Pojawiają się doniesienia o pracach nad nową Magic Mouse. Plotki sugerują, że akcesorium będzie wyposażone w sterowanie głosowe.
Apple pracuje nad Magic Mouse
Mark Gurman z Bloomberga w swoim grudniowym newsletterze pisze, że zespół projektantów Apple'a w ostatnich miesiącach tworzył prototypy wersji myszy, która w końcu dogoni współczesne czasy. Konkretów jest bardzo niewiele, jednak pojawiają się domysły. Oczekuje się, że akcesorium zyska większą ergonomiczność, a także przeniesione gniazdo ładowania.
W świecie komputerów mysz nie jest już tak ważna, jak kiedyś. Nadal jest to jednak urządzenie wejściowe, po które sięga się, gdy trzeba wykonać precyzyjne ruchy. Apple chce stworzyć coś bardziej istotnego, a jednocześnie rozwiązać długotrwałe skargi – tak, w tym problem z portem ładowania.
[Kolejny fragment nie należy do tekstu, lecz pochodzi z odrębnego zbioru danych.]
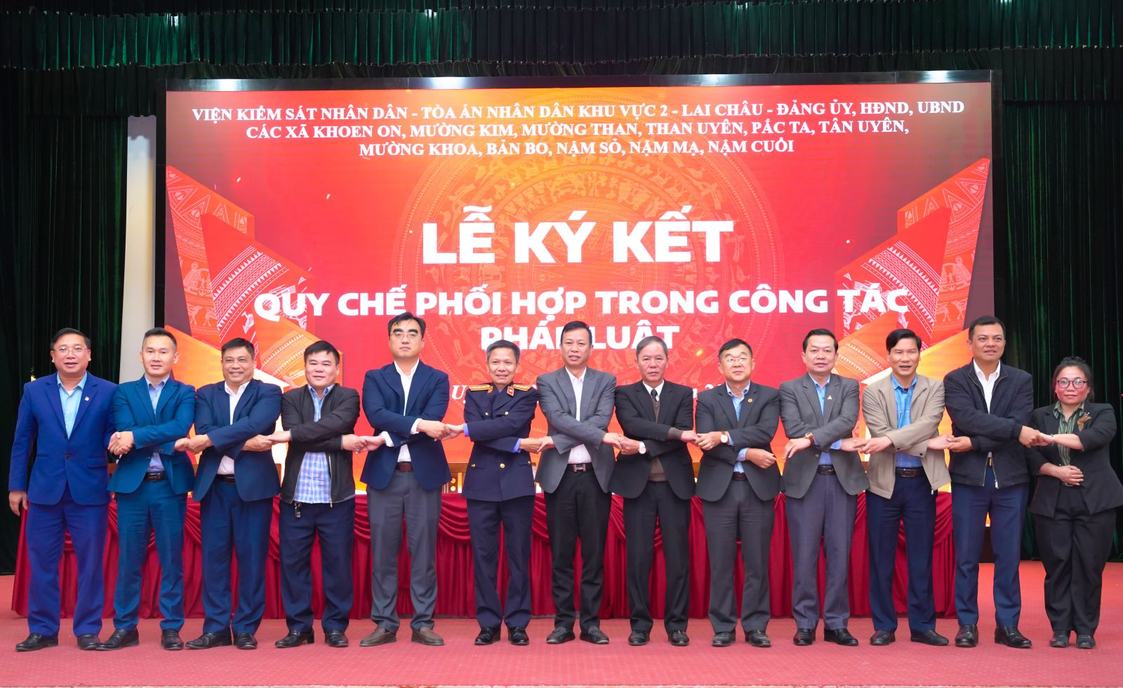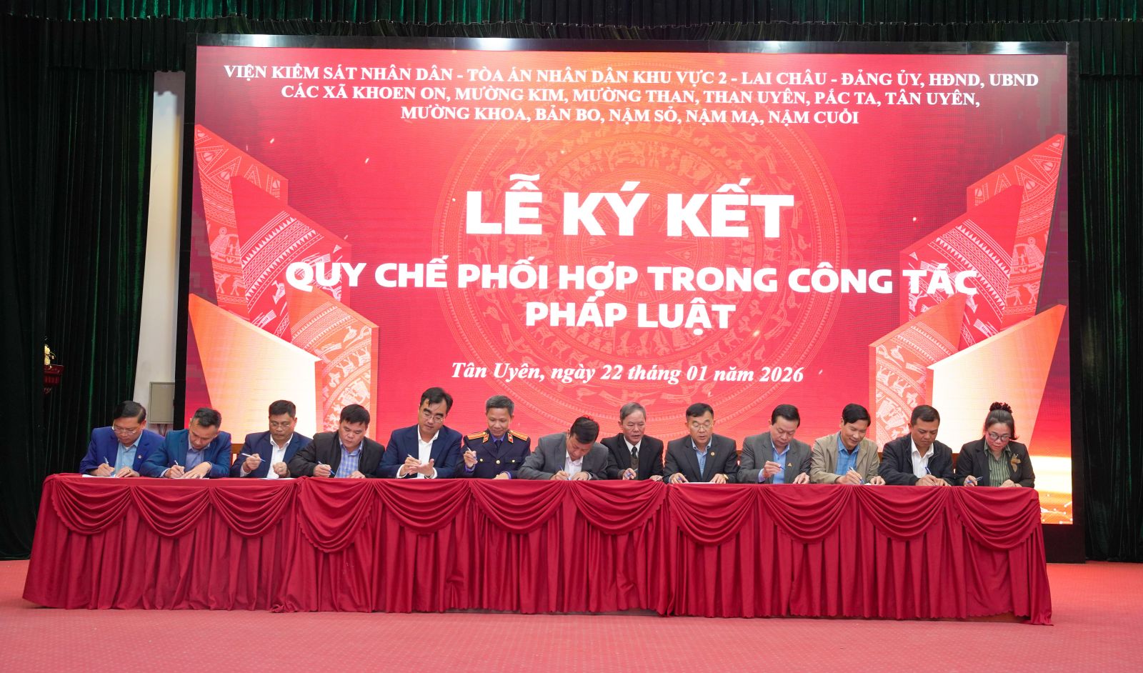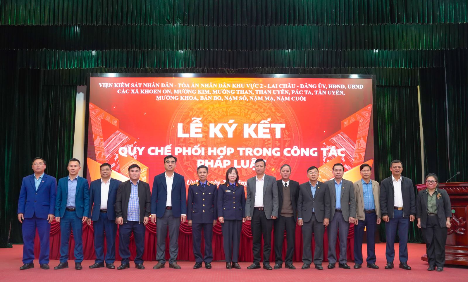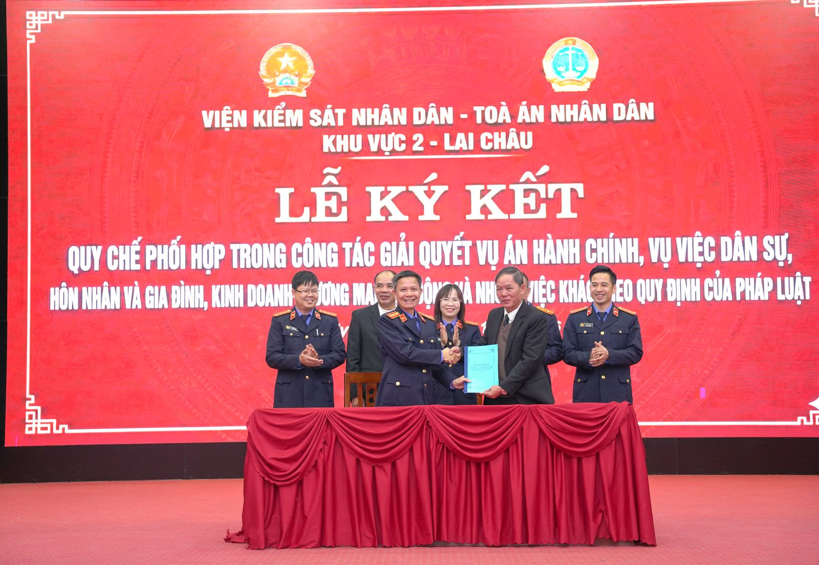 Trước sự chứng kiến của lãnh đạo Viện kiểm sát nhân dân tỉnh, các đại biểu đại diện lãnh đạo Đảng ủy các xã đã ký quy chế phối hợp với Tòa án nhân dân; Viện kiểm sát nhân dân Khu vực 2 Lai Châu.

Obecna Magic Mouse zbliża się do końca swojego życia, więc Apple pracuje nad jej całkowitym odświeżeniem.
Według niektórych informacji nowa mysz otrzyma także sterowanie głosowe. Początkowo plotka została rozprzestrzeniona przez koreańskiego użytkownika „yeux1222”. Pisał on, że Apple stworzyło prototyp nowej Magic Mouse ze sterowaniem głosowym i dotykowym, a także obsługą gestów. Dziennikarz Bloomberga twierdzi, że „ma to sens”, zwłaszcza przy prężnie rozwijającym się AI. Urządzenie mogłoby przydać się przy obsłudze narzędzi sztucznej inteligencji.
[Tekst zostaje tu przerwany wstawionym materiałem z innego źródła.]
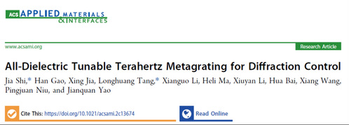 近日,我校电子与信息工程学院副教授石嘉在TOP期刊《ACS Applied Materials & Interfaces》(影响因子10.383)发表了题为《All-Dielectric Tunable Terahertz Metagrating for Diffraction Control》的研究成果,并被选为Supplementary Cover。石嘉副教授为该论文的第一作者和共同通讯作者,该成果由云博·体育、中国工程物理研究院流体物理研究所、天津大学共同完成。论文链接:https://pubs.acs.org/doi/10.1021/acsami.2c13674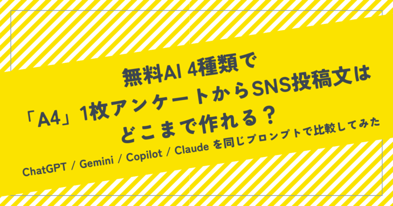 無料AI4種類で「A4」1枚アンケートからSNS投稿文はどこまで作れる?~ChatGPT / Gemini / Copilot / Claude を同じプロンプトで比較してみた~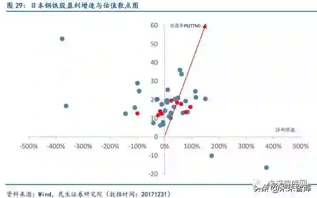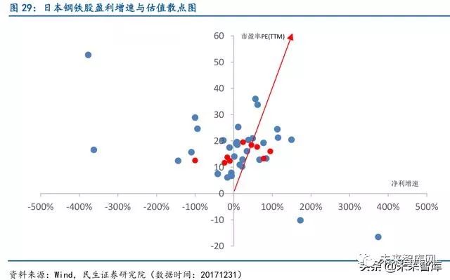 日本钢铁股估值较为合理,特钢存在一定估值溢价。从日本上市钢铁公的盈利增速与市 盈率制的散点图中可以看出,日本上市钢铁公司估值相对集中在10-20 倍区间。通过将特钢 公司标红,我们可以清楚看到特钢公司估值与非特钢公司相近,但多集中在区间中上部,多 数存在一定估值溢价现象。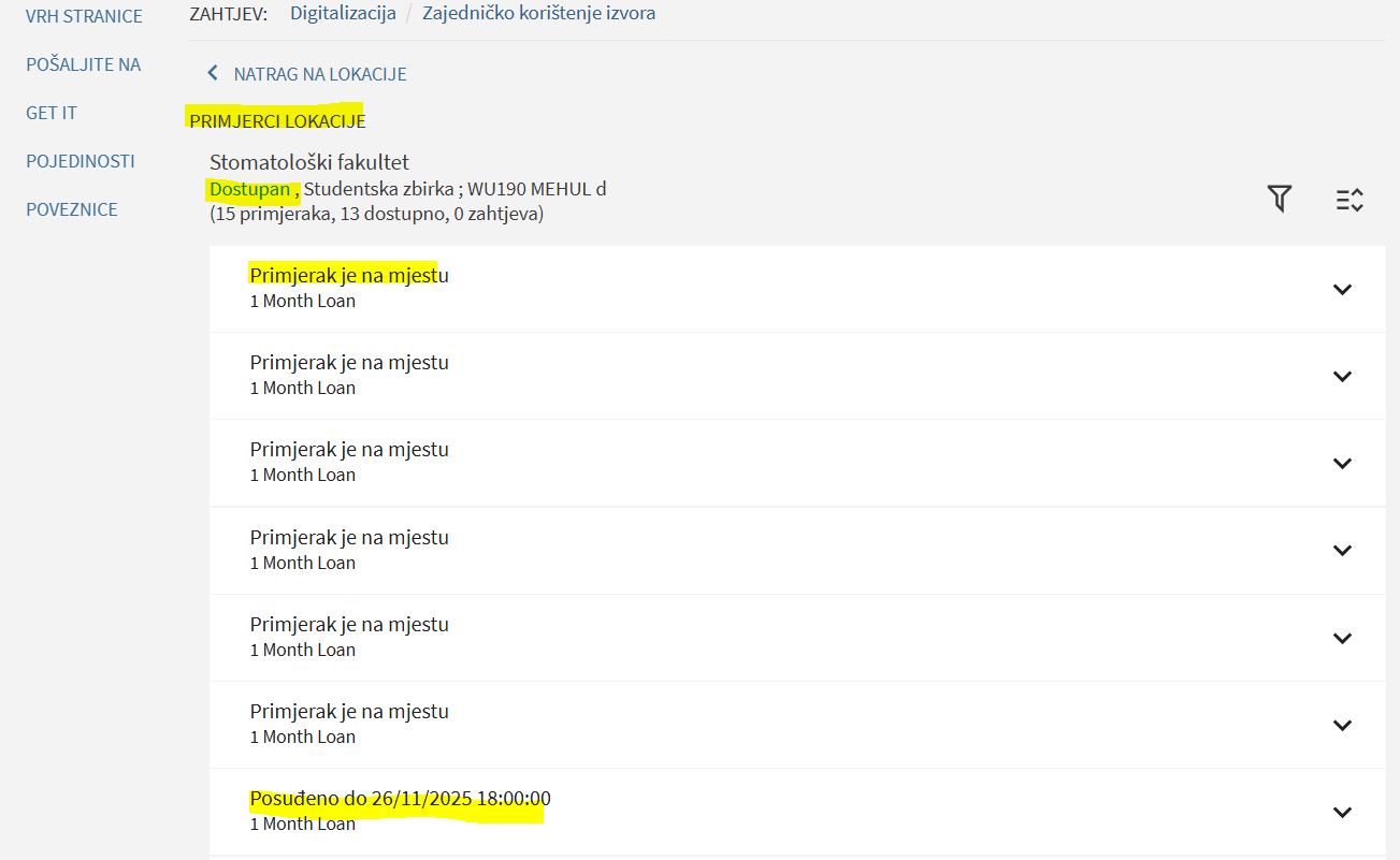 Otvorit će se prozor s prikazom svih dostupnih primjeraka tražene knjige. Uz svaki primjerak je naveden Status odnosno može li se posuditi (primjerak je na mjestu) ili je primjerak namijenjen korištenju u čitaonici.

Niestety, projekt wciąż jest na bardzo wczesnym etapie. Gurman zakłada, że nie zobaczymy zbyt wielu szczegółów na temat Magic Mouse nowej generacji przez najbliższy rok lub jeszcze dłużej.
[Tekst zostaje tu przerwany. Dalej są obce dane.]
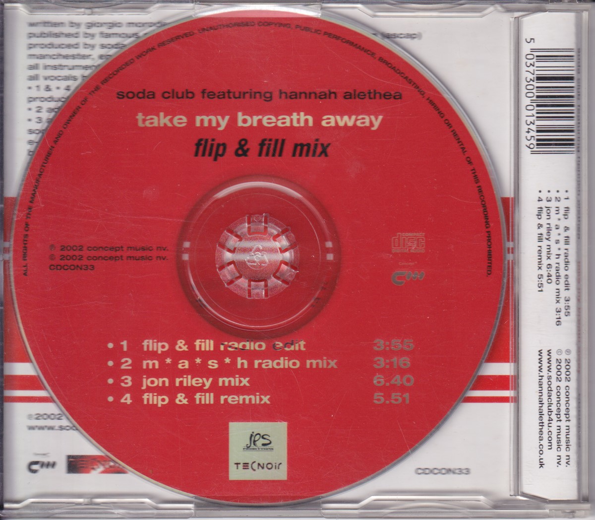 Country of release: UK Release Year: 2002 Edition: – Features: – Notes: – Tracklist: 1 Take My Breath Away (Flip & Fill Radio Edit) 3:55 • Remix – Flip & Fill 2 Take My Breath Away (M*A*S*H Radio Edit) 3:16 • Remix – M*A*S*H 3 Take My Breath Away (Jon Riley Mix) 6:40 • Remix – Jon Riley 4 Take My Breath Away (Flip & Fill Remix) 5:51 • Remix – Flip & Fill More pictures, click to view full size: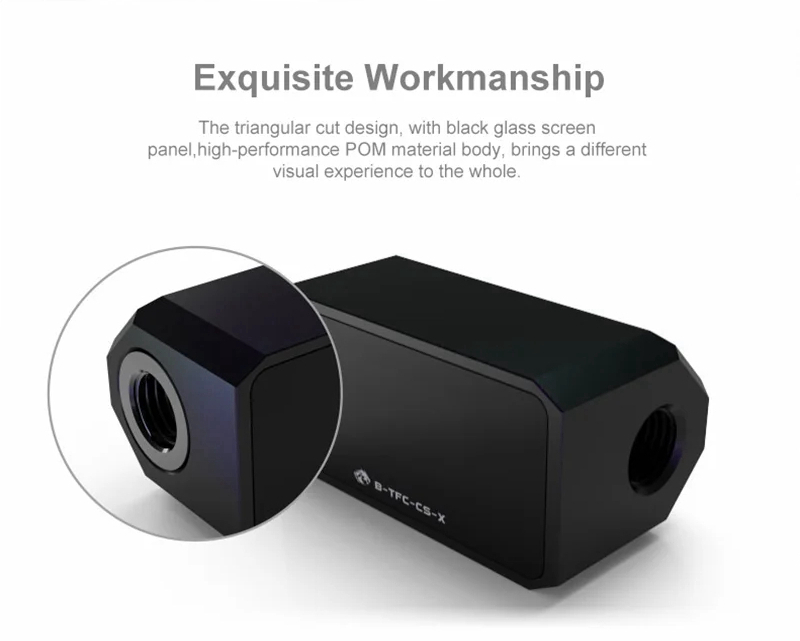 The Bykski Inline Flow Meter and Thermometer Safety Module offers a real-time reading of your inline flow rate. The in-line block uses industry-standard G1/4" fittings. The safety module also features real-time temperature reading as well making it a complete safety device. The all-black visual design is stunning and will match easily in custom layouts!

Port ładowania nadal do wymiany
Choć design urządzenia od 2009 roku zbytnio się nie zmienił, to niedawno Magic Mouse i Magic Keyboard otrzymały port USB-C zamiast wcześniej obsługiwanego lightning. Niestety, ku niezadowoleniu użytkowników, port myszy nadal znajduje się na spodzie urządzenia. Oznacza to, że podczas ładowania nie możemy z niej korzystać, co dla niektórych może być nieco uciążliwe.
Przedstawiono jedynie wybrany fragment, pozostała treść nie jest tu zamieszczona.